Only 1.2% of .org domains have adequate phishing protection

Only 1.2% of .org domains have adequate phishing protection

Only 1.2% of .org domains globally have implemented measures to prevent email phishing, spoofing and ransomware attacks. This figure rises to only 20% among the top 100 US non-profits .org domains by traffic.

New research from email security provider, EasyDMARC, reviewed a dataset of 9,935,024 verified .org email domains. EasyDMARC found that only 376,497 (3.8%) domains had implemented the Domain-based Message Authentication, Reporting and Conformance (DMARC) security standard. 

The DMARC standard enables the automatic flagging and removal of receiving emails which are impersonating senders’ domains, which is a crucial way to prevent outbound phishing and spoofing attempts.

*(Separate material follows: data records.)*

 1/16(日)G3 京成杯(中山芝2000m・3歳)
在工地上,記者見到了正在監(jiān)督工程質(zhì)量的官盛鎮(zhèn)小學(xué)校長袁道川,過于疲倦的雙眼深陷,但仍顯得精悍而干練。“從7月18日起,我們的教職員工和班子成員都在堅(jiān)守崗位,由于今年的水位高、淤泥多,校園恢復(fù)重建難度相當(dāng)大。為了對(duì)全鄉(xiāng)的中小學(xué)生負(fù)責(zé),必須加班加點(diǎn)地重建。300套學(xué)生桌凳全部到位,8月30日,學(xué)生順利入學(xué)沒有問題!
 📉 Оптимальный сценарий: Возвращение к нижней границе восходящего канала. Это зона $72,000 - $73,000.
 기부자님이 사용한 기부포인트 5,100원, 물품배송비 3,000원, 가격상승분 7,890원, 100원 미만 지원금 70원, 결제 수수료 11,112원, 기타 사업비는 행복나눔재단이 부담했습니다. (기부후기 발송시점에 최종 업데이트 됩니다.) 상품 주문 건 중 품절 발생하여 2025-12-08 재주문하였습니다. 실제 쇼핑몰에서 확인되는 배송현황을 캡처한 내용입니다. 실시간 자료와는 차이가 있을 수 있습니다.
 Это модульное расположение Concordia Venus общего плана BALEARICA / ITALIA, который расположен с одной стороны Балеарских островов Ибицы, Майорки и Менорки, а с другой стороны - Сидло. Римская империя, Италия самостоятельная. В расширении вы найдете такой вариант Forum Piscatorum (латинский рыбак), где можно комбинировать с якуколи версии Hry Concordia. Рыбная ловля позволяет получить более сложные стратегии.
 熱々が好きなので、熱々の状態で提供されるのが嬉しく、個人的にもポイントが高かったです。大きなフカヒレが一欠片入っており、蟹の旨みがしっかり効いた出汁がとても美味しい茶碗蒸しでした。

Despite the standard being over a decade old, this research indicates a widespread under-adoption of the standard among non-profits.

The research also signals a failure by the global non-profit sector to adequately configure DMARC when implemented. Among the small minority of the global .org domains tested that employ DMARC, 171,486 (45.6%) had incorrectly configured it. As a result, these organisations lacked visibility into any impersonating emails they received or blocked. Globally among non-profit domains using DMARC, only 121,290 (32.2%) had implemented a ‘reject’ policy that automatically rejected emails impersonating a legitimate domain. Most domains employing DMARC had configured it to do nothing about impersonating emails, with 218,777 (58.1%) domains having no policy. A total of 55,281 (14.7%) had configured DMARC to send impersonating emails into quarantine.